| TASK PROMPT |
Set down, word for word, each line from the top of the data through the line that has "此外官方还表示新英雄的预告片"; omit every picture.

| Records from a collection |
=== Section Start ===

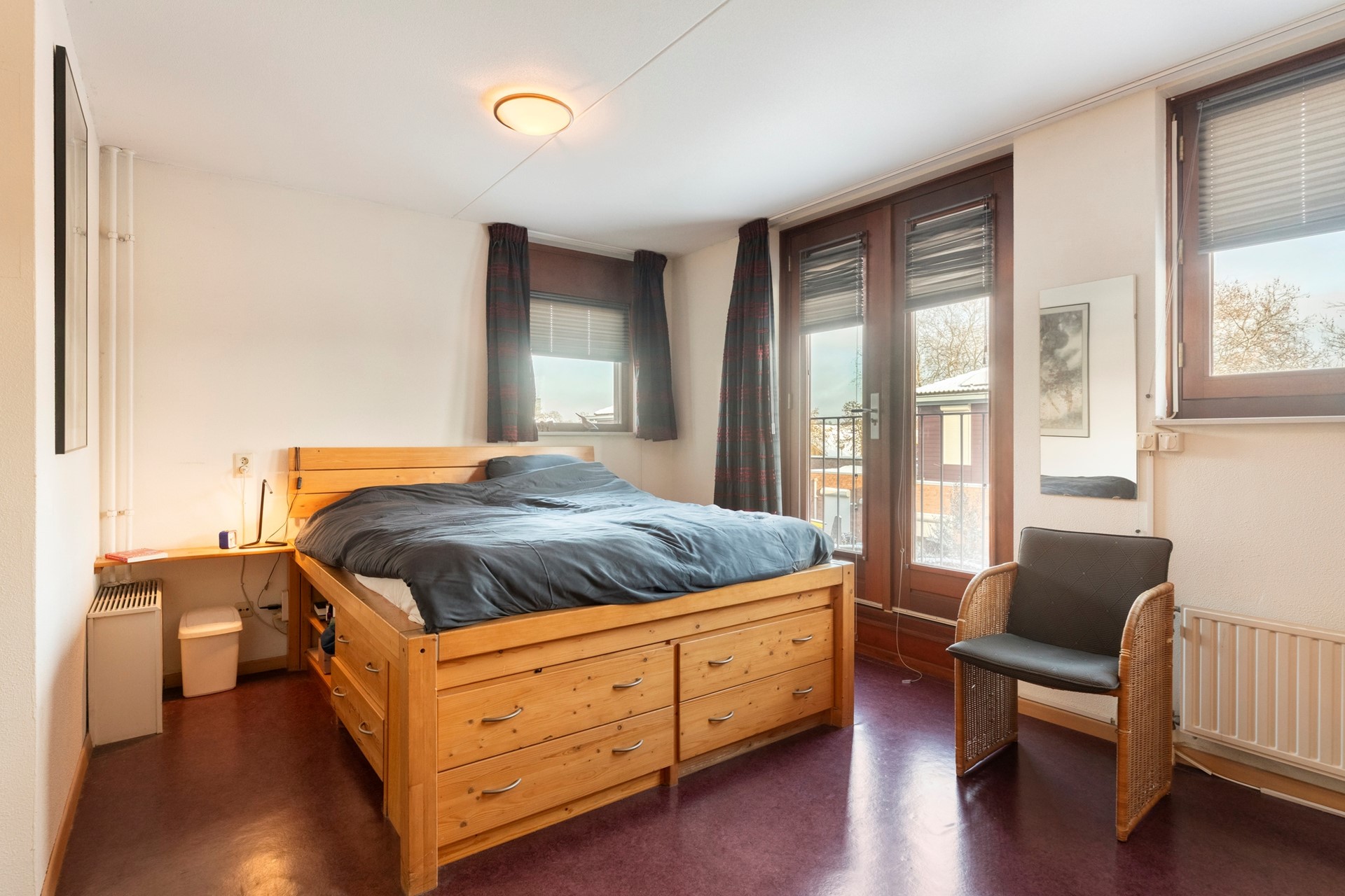 Slaapkamer 1 is afgewerkt met een zeilvloer, spachtelputz wanden en een spuitwerk plafond. De slaapkamer is voorzien van een frans balkon en elektrisch bedienbare zonwering.
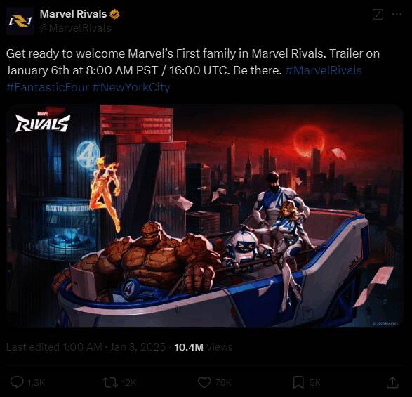 此外官方还表示新英雄的预告片将于1月6日放出,不过目前并未透露神奇四侠中的四位英雄将一同亮相还是逐个登场。
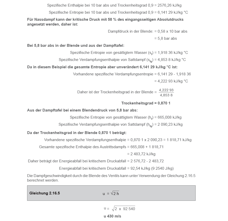 Bestimmen Sie die kritische Geschwindigkeit des Dampfs in der Blende des Regelventils aus Beispiel 2.16.2, bei dem der Ausgangszustand des Dampfes 10 bar abs bei 90 % Trockenheit betrug, und der abströmseitige Druck auf 3 bar abs abgesenkt werden soll.
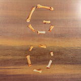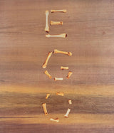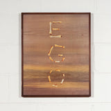 "EGO" is an excellent example of Charlesworth's distinctive photography style. The word 'ego' is spelt out using cut-out images of bones. Bones throughout art history have often functioned as symbols of mortality, permanence beyond death, and/or one's Earthly passage. Charlesworth often employed images with easily identifiable symbolic associations which she could exploit and subvert. The collaged bone pieces are set against a background of wood texture.
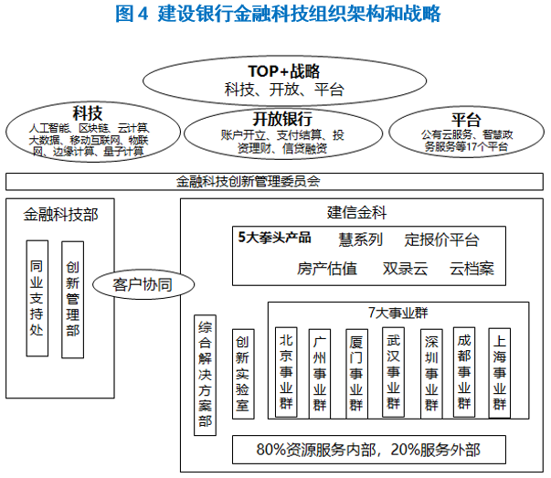 建行TOP+金融科技战略也很有新意。T(Technology)代表科技驱动金融创新;O(Open)代表建行技术和数据能力向社会开放,打造建设银行应用商店(CCB Store);P(Platform)代表平台生态;“+”代表“鼓励创新、包容创新”的机制和文化。
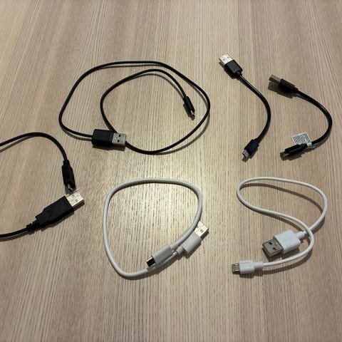 USB-A liitinjohtoja eri pituuksilla ja toisen pään liittimillä kuten USB-A uros, USB-mini uros, USB-Micro uros, USB-A uros-USB naaras ym. Haettuna kukin johto 1 €.
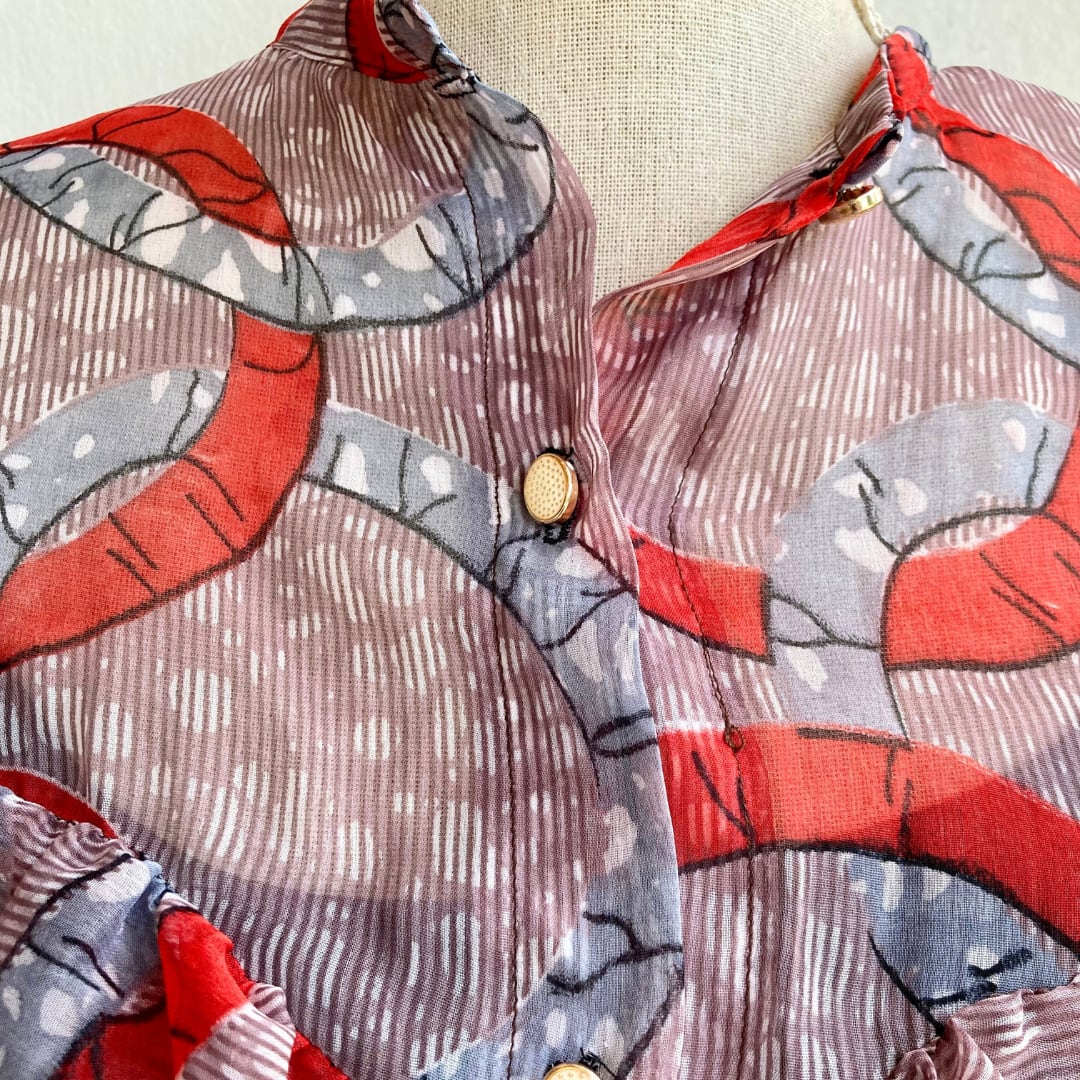 華やかなパーティーやエレガントな日常着にぴったりな、アフリカ布柄のシフォン布地を使用したトップス。ふわっとした袖とフリルがフェミニンな魅力と、薄いシースルーの透け感が、洗練されたスタイルを演出します。ボタンの付いた前あきです。
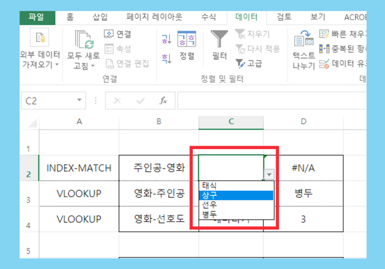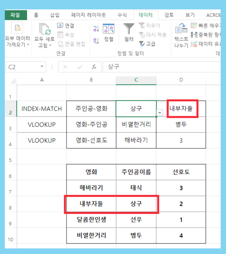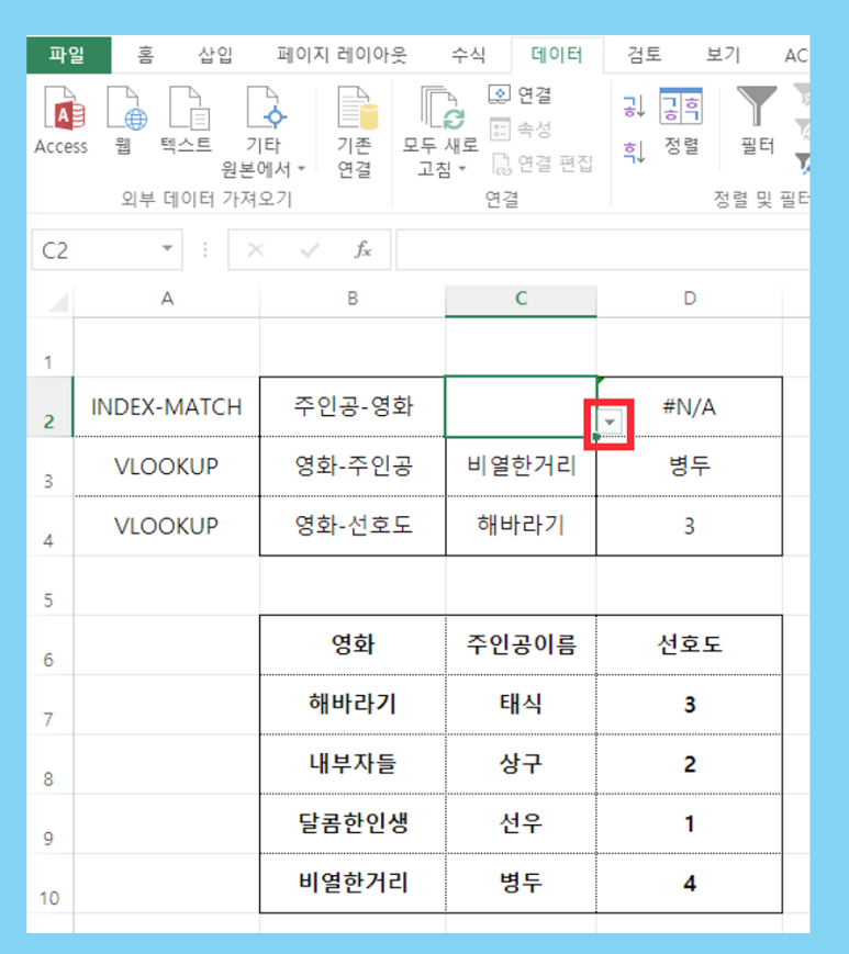 index 함수와 match 함수를 사용하여, C7에서 C10 까지에서 선택한 C2 셀의 주인공 이름의 위치값을 반환하여서 B7에서 B10 까지 결과값을 반환하도록 설정하였습니다.
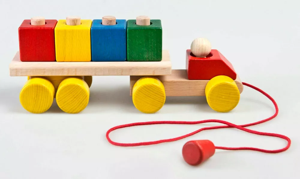 Большой деревянный грузовик на веревочке порадует любого ребенка.
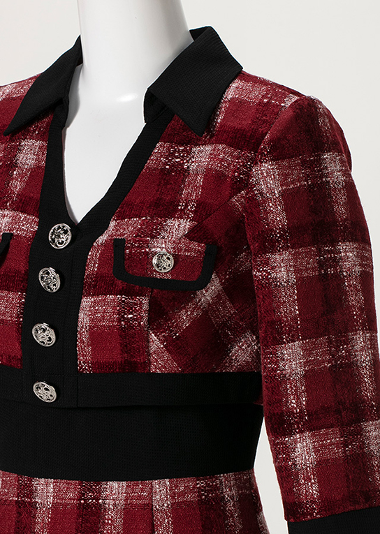 今季本命カラーのレッドが艶やかなレイヤードワンピース。
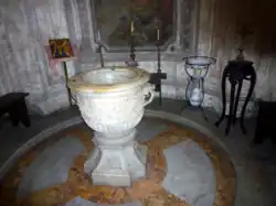 Pierwsza kaplica po lewej stronie została wyposażona przez kardynała Annibale Albani w 1727 roku. Znajduje się w niej chrzcielnica[2].
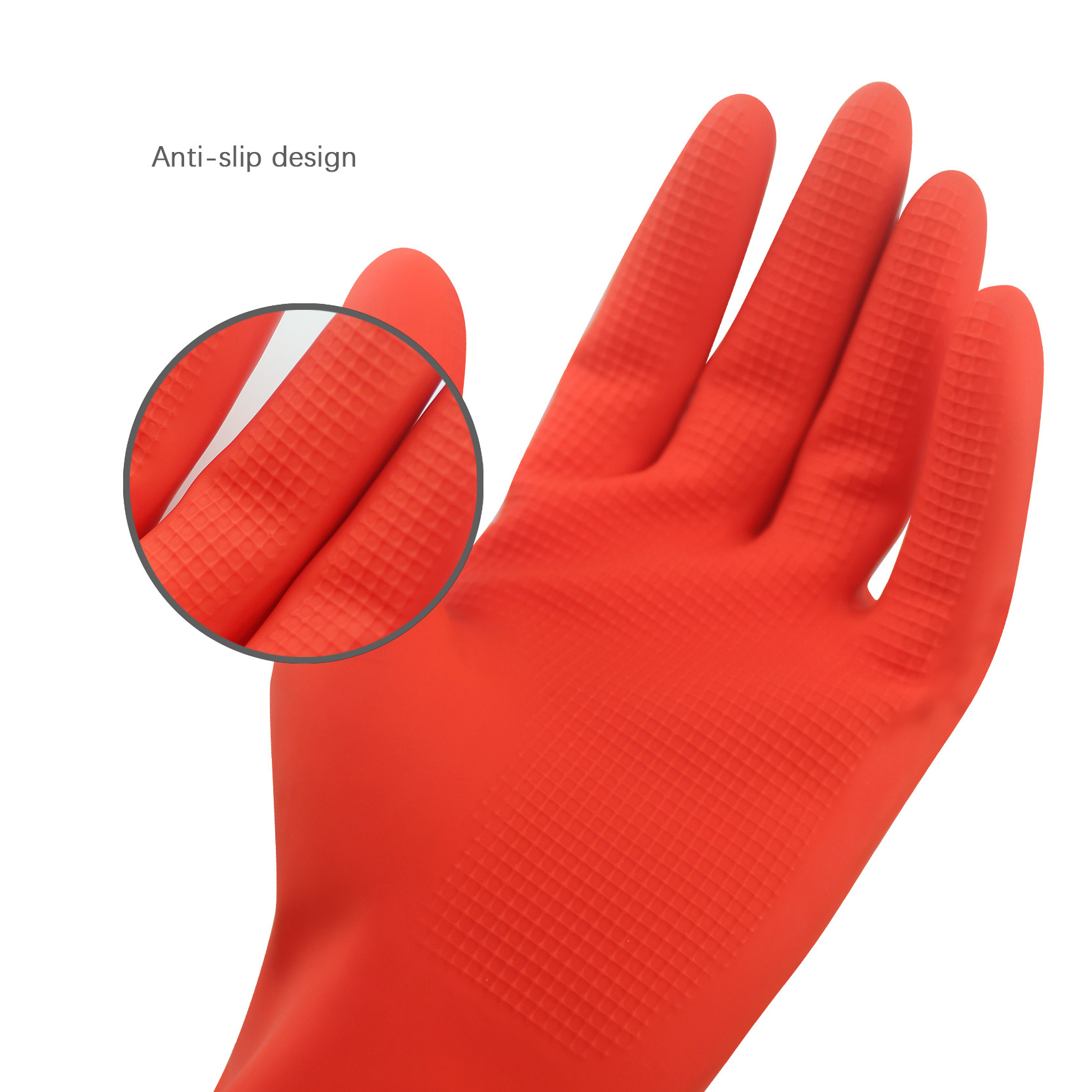 NON-SLIP DESIGN - Non-slip embossed palm and finger surface increases friction and offers a better grip and control to wet and greasy dishes and gadget during cleaning. A flocked lining also help tackle your cleaning and household activities flexibly and conveniently.
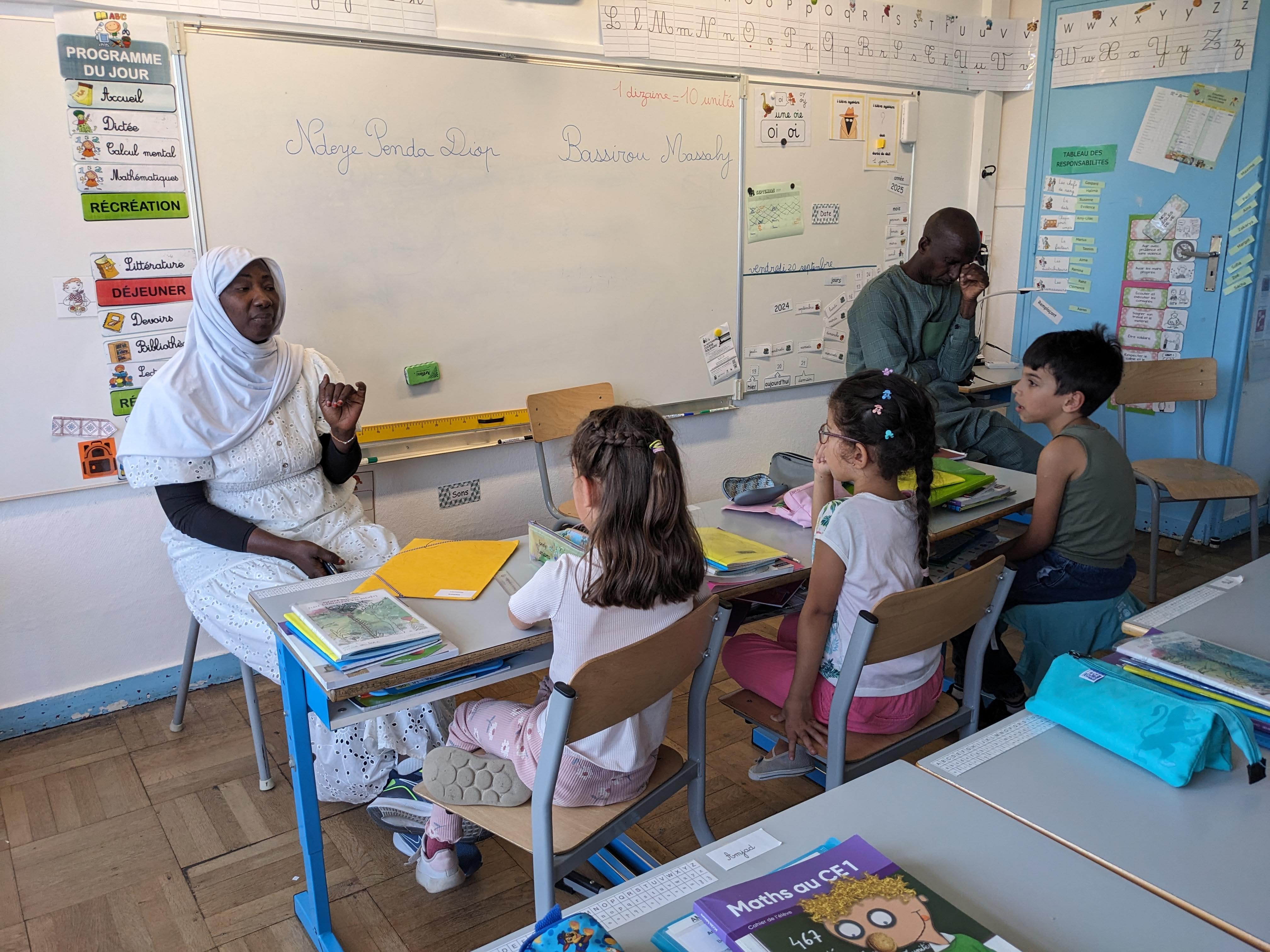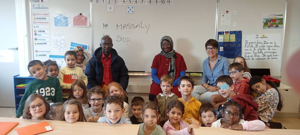 Le séjour s’achève par un temps festif dans une école afin d’ouvrir ces échanges aux familles de la correspondance. Les enfants et leurs parents sont conviés, au sein de l’école après la classe, à échanger avec les deux professeurs sénégalais, à découvrir les malles pédagogiques (instruments sénégalais, graines, albums photos, tissus…). Ce temps de partage s’est fait autour d’un verre de Bissap ou de Bouye accompagné de crêpes.
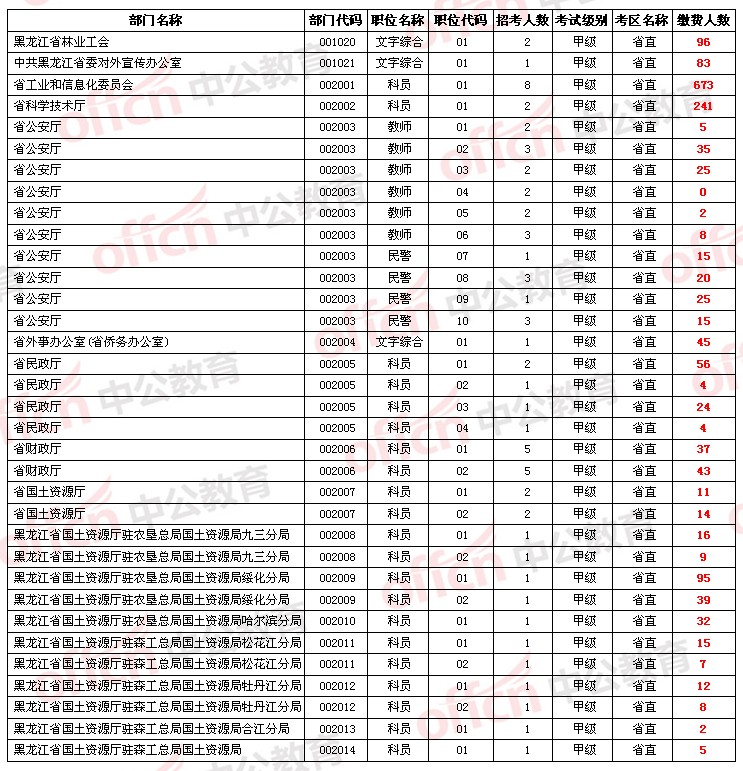 【省直】2014年黑龍江省公務(wù)員考試?yán)U費(fèi)人數(shù)統(tǒng)計(jì)[5月18日]

=== Section End ===

| WRITTEN REPLY |
 Slaapkamer 1 is afgewerkt met een zeilvloer, spachtelputz wanden en een spuitwerk plafond. De slaapkamer is voorzien van een frans balkon en elektrisch bedienbare zonwering.
 此外官方还表示新英雄的预告片将于1月6日放出,不过目前并未透露神奇四侠中的四位英雄将一同亮相还是逐个登场。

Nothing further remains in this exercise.